The key insight: within each saga step, you still need exactly-once (or idempotent) behavior. The saga pattern doesn’t eliminate the per-step problem — it organizes the failure recovery across steps.
Part 4 — Observability: How to Know When Your Guarantees Are Lying
You can’t fix what you can’t see. Here’s what to instrument.
Duplicate rate metric:
duplicate_events_total{topic="orders.created", consumer="fulfillment"}This should be close to zero in steady state. A spike means either a consumer restart happened, or your idempotency logic has a bug.
Outbox lag:
outbox_unprocessed_count
outbox_oldest_unprocessed_age_secondsIf outbox rows are old and unprocessed, your poller is down or falling behind. Alert on this.
Consumer lag:
kafka_consumer_lag{topic="orders.created", consumer_group="fulfillment"}High lag + duplicate events = your consumer is slow and reprocessing. Check idempotency implementation.
WebSocket message loss rate:
ws_message_sent_total - ws_message_acked_total = unacked messagesIf this grows: clients are disconnecting without acking. Check reconnect logic and message buffer expiry.
Dead letter queue depth:
dlq_message_count{source_topic="orders.created"}Messages in DLQ have failed processing N times. Alert and investigate.
The Honest Summary
Here’s what your architecture actually has:
| Boundary | Guarantee | What you need |
|---|---|---|
| Postgres transaction | Exactly-once (ACID) | Nothing extra — it’s real |
| Kafka → Kafka (EOS enabled) | Exactly-once | Transactional API + idempotent producer |
| DB → Kafka | At-least-once | Outbox pattern + idempotent consumer |
| DB → WebSocket | At-most-once (default) | Seq numbers + buffer + REST fallback |
| HTTP → External API | At-most-once (default) | Idempotency keys + retry logic |
| Kafka consumer → DB | At-least-once | Idempotent writes (upsert / ON CONFLICT) |
| Service A → Service B (HTTP) | At-most-once (default) | Idempotency keys end-to-end |
| Redis pub/sub → subscriber | At-most-once | Don’t use for reliable delivery |
What You Should Write in Your Design Docs
Stop writing “we have exactly-once delivery.” Write something like:
“This flow crosses two component boundaries: DB → outbox poller → Kafka. The DB write and outbox insert are atomic. The outbox poller delivers at-least-once to Kafka. Consumers handle duplicates via idempotency key table (processed_events). Expected duplicate rate under steady state: ~0%. Under consumer restart: <0.01% of events may be processed twice, safely.”
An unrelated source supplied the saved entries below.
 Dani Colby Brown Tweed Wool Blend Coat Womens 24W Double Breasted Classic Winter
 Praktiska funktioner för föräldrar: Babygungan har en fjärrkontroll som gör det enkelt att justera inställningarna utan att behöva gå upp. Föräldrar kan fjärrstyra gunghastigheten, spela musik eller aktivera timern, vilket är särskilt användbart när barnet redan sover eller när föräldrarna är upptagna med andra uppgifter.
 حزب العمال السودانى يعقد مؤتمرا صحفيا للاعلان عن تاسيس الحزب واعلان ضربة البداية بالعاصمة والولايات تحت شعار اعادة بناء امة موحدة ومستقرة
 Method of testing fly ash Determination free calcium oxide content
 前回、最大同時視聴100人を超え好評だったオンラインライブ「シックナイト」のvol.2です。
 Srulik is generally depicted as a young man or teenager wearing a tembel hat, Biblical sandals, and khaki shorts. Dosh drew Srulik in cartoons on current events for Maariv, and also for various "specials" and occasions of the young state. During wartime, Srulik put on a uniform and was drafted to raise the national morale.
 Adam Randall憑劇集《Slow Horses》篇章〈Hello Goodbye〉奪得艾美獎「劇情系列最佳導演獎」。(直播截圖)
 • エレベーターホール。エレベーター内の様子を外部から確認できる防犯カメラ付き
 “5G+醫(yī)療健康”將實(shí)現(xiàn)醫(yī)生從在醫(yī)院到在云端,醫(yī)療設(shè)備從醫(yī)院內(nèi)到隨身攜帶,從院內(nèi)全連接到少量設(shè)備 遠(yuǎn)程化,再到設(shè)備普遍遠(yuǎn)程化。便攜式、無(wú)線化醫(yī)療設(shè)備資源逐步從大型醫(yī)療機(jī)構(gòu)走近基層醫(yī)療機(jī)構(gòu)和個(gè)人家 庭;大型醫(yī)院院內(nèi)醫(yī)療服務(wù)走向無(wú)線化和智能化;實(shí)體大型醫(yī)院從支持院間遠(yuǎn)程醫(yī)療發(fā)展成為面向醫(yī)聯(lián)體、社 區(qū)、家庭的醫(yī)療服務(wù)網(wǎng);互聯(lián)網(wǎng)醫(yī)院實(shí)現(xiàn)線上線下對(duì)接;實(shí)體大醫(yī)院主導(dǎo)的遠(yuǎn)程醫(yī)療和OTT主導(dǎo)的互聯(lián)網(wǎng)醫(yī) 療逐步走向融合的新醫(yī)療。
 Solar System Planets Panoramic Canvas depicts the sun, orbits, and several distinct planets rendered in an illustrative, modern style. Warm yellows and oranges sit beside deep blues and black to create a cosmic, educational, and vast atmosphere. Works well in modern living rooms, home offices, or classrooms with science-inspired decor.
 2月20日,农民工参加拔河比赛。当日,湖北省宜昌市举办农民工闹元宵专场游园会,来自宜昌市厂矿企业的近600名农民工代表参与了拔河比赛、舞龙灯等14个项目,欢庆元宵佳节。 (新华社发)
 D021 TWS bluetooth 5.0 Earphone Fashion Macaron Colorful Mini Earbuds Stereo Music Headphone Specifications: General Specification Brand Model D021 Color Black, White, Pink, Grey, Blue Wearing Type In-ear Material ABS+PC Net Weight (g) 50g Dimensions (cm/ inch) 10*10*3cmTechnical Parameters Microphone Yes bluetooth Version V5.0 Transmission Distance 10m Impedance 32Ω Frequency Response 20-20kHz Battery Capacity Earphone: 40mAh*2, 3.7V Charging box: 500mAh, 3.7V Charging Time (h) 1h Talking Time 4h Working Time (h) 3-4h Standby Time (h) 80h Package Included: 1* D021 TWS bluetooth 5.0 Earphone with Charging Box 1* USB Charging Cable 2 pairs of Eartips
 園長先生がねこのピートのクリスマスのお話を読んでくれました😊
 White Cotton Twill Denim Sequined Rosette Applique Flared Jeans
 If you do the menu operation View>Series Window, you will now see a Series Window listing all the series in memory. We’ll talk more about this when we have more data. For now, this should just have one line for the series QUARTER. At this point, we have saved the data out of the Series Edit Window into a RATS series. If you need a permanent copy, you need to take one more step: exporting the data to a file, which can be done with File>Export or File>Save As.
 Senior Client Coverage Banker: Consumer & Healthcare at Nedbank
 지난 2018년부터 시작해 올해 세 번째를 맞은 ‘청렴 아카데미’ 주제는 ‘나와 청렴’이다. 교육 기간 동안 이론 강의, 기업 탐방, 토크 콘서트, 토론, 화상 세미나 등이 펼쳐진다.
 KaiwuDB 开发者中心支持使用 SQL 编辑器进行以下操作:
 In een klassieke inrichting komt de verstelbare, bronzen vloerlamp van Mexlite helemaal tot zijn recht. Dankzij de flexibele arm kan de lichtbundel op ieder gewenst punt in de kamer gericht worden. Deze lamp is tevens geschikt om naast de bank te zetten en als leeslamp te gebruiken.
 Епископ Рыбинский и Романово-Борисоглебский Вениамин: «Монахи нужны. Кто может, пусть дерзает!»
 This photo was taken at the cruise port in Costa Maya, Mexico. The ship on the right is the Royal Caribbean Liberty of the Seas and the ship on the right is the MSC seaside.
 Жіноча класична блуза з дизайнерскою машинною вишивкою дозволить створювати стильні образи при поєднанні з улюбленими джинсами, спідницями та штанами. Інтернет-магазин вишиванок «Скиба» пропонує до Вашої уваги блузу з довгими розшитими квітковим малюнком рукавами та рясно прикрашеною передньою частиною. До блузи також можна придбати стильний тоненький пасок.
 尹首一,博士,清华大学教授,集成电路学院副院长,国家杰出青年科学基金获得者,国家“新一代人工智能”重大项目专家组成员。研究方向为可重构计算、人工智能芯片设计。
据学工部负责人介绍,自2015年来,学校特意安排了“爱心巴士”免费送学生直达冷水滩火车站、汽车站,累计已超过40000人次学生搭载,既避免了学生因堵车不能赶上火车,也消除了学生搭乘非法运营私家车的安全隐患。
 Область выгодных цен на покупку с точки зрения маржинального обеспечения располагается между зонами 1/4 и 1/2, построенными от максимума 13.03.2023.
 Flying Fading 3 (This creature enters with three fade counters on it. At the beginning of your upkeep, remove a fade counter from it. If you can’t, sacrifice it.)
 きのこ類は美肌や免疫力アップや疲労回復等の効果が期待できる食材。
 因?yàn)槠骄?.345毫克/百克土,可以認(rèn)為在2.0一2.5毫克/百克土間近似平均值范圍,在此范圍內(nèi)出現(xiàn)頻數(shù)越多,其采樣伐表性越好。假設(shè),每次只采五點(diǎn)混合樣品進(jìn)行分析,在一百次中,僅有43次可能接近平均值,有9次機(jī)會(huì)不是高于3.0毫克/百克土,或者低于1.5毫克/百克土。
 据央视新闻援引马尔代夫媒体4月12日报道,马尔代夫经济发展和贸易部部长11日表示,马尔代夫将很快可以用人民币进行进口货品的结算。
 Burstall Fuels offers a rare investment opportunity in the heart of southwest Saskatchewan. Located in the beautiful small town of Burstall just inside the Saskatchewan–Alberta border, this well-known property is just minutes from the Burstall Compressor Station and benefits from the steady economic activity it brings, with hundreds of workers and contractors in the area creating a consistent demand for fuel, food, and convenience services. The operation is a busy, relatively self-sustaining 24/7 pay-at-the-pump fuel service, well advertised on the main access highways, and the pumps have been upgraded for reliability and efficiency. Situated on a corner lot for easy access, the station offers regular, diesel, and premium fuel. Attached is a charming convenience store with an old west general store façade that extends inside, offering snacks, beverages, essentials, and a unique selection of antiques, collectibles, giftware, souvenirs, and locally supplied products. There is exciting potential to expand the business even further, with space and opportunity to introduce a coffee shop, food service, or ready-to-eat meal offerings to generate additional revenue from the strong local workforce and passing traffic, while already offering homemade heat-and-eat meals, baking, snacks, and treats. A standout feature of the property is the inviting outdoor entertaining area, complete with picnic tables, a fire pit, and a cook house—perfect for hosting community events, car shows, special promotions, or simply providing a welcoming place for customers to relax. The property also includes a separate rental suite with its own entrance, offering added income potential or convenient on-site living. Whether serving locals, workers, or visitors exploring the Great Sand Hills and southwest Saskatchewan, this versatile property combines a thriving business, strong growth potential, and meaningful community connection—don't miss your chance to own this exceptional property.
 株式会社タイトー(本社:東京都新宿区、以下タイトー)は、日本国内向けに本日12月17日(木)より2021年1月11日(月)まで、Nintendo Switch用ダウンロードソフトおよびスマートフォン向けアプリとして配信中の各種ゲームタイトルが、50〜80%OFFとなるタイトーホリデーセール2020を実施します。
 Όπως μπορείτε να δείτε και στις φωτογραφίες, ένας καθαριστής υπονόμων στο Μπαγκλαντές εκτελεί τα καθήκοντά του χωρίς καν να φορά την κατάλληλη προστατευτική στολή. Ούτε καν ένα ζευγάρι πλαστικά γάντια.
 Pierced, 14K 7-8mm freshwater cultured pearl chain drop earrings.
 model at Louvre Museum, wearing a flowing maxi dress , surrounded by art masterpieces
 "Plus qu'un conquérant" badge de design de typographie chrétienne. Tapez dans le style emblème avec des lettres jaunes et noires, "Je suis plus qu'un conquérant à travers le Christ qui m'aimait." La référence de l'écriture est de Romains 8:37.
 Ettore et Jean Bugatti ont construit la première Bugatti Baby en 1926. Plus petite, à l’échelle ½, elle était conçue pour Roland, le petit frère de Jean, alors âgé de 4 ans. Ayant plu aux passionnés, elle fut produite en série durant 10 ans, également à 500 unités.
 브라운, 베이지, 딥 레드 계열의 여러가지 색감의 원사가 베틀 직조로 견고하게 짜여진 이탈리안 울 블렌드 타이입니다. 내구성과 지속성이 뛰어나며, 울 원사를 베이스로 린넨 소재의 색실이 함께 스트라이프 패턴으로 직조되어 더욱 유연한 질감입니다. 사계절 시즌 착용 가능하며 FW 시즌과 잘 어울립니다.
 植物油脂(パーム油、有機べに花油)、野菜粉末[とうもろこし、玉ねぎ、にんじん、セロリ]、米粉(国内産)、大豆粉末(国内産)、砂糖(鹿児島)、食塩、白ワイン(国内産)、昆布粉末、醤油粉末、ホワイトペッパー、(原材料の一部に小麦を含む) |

That’s a sentence that describes a real system. It names the boundaries. It names the guarantee at each boundary. It names the mechanism that handles failure. It gives you a number.
The goal is not to achieve exactly-once everywhere. The goal is to know exactly what you have, design every consumer to be safe under it, and instrument everything so you know when it’s not working.
That’s how distributed systems that actually hold up in production are built.